Listed records:
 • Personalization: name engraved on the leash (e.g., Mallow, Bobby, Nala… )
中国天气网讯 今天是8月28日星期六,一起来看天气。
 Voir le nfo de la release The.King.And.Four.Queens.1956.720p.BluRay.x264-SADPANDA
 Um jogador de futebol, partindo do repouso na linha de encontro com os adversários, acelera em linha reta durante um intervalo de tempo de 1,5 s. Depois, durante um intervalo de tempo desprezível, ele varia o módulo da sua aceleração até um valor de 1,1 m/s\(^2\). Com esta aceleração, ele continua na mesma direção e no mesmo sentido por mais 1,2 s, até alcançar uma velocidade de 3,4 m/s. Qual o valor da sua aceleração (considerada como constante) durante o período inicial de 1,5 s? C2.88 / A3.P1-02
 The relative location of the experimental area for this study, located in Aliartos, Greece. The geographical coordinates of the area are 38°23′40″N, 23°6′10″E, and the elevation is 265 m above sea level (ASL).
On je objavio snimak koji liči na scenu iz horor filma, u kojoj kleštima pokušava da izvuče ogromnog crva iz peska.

* * *

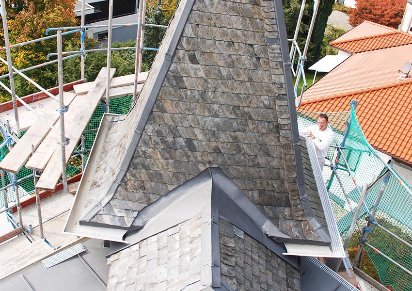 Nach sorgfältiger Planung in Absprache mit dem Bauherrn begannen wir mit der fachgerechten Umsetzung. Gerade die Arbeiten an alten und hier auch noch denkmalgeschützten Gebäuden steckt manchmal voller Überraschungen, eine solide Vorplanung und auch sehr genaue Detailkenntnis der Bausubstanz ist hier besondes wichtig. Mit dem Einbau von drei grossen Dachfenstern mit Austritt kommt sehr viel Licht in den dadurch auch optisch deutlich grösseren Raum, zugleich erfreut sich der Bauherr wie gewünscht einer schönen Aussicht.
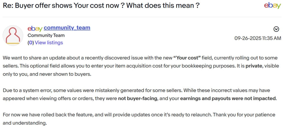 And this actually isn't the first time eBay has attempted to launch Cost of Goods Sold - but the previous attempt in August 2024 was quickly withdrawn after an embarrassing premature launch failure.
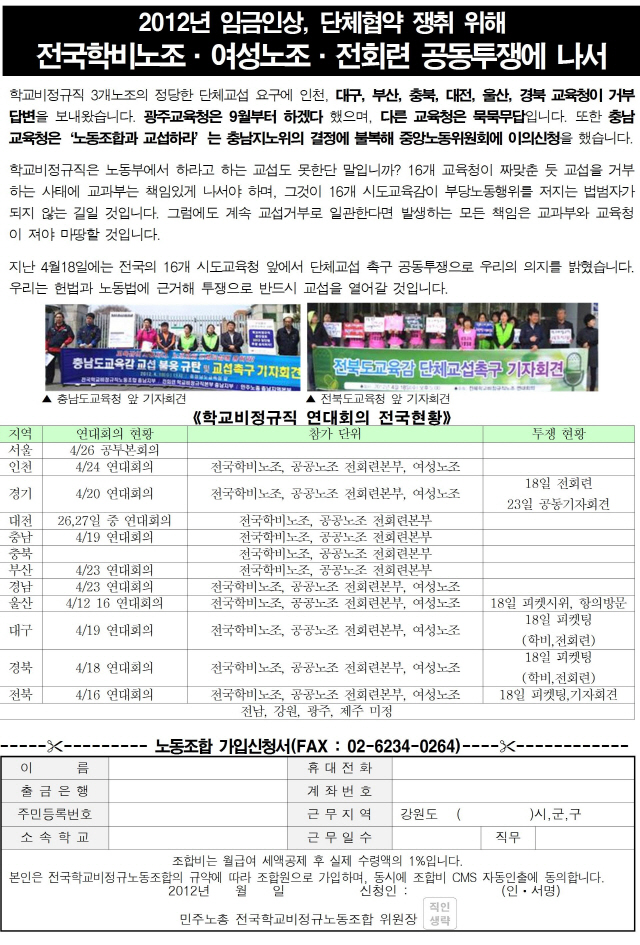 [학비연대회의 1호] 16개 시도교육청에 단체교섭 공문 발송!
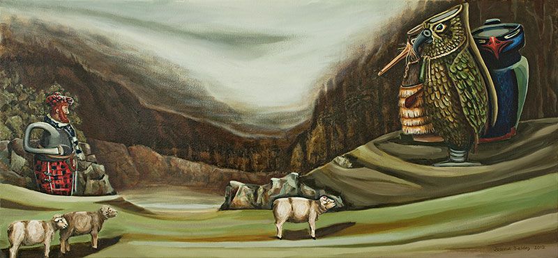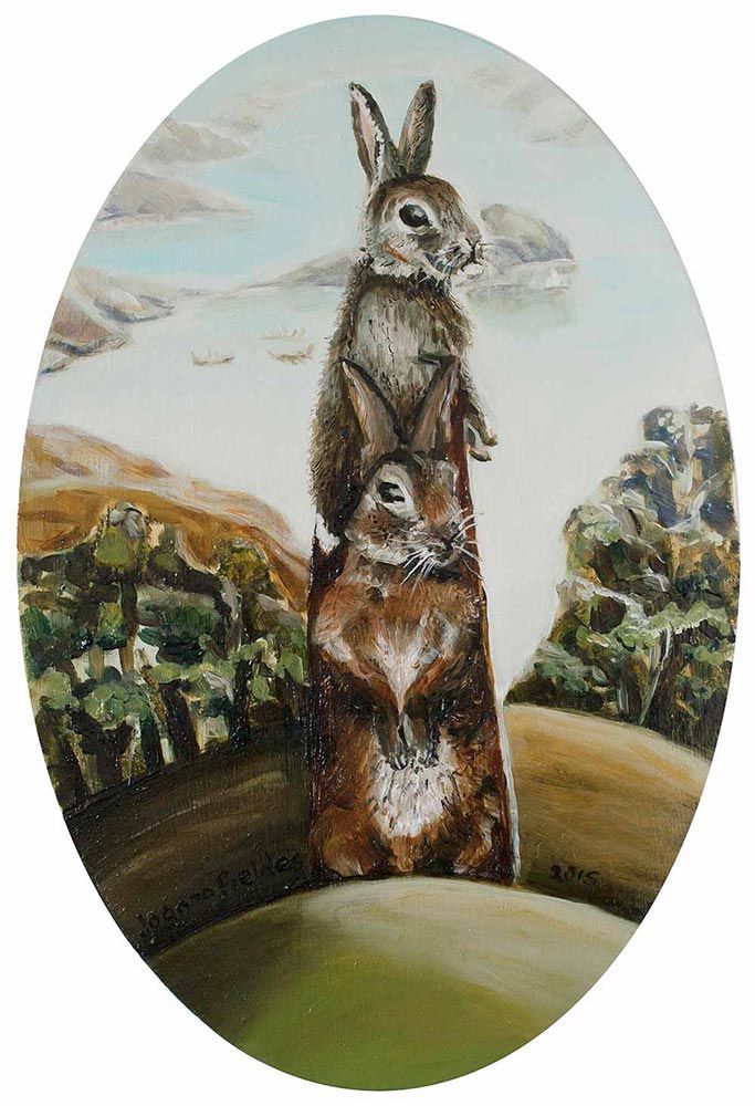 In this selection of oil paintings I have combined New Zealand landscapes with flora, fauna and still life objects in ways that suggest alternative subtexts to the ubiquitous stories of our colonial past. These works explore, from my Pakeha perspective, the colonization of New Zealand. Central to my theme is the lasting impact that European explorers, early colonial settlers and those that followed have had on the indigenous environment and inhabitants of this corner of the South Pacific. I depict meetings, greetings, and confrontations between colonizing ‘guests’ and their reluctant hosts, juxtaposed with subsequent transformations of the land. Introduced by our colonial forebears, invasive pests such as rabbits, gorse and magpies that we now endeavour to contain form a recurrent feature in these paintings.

The task:
Copy the lines of the data above exactly as written, beginning with the line containing "Bobby, Nala… )" and ending with the line containing "On je objavio", and leave out all other lines.

Output for this task:
 • Personalization: name engraved on the leash (e.g., Mallow, Bobby, Nala… )
中国天气网讯 今天是8月28日星期六,一起来看天气。
 Voir le nfo de la release The.King.And.Four.Queens.1956.720p.BluRay.x264-SADPANDA
 Um jogador de futebol, partindo do repouso na linha de encontro com os adversários, acelera em linha reta durante um intervalo de tempo de 1,5 s. Depois, durante um intervalo de tempo desprezível, ele varia o módulo da sua aceleração até um valor de 1,1 m/s\(^2\). Com esta aceleração, ele continua na mesma direção e no mesmo sentido por mais 1,2 s, até alcançar uma velocidade de 3,4 m/s. Qual o valor da sua aceleração (considerada como constante) durante o período inicial de 1,5 s? C2.88 / A3.P1-02
 The relative location of the experimental area for this study, located in Aliartos, Greece. The geographical coordinates of the area are 38°23′40″N, 23°6′10″E, and the elevation is 265 m above sea level (ASL).
On je objavio snimak koji liči na scenu iz horor filma, u kojoj kleštima pokušava da izvuče ogromnog crva iz peska.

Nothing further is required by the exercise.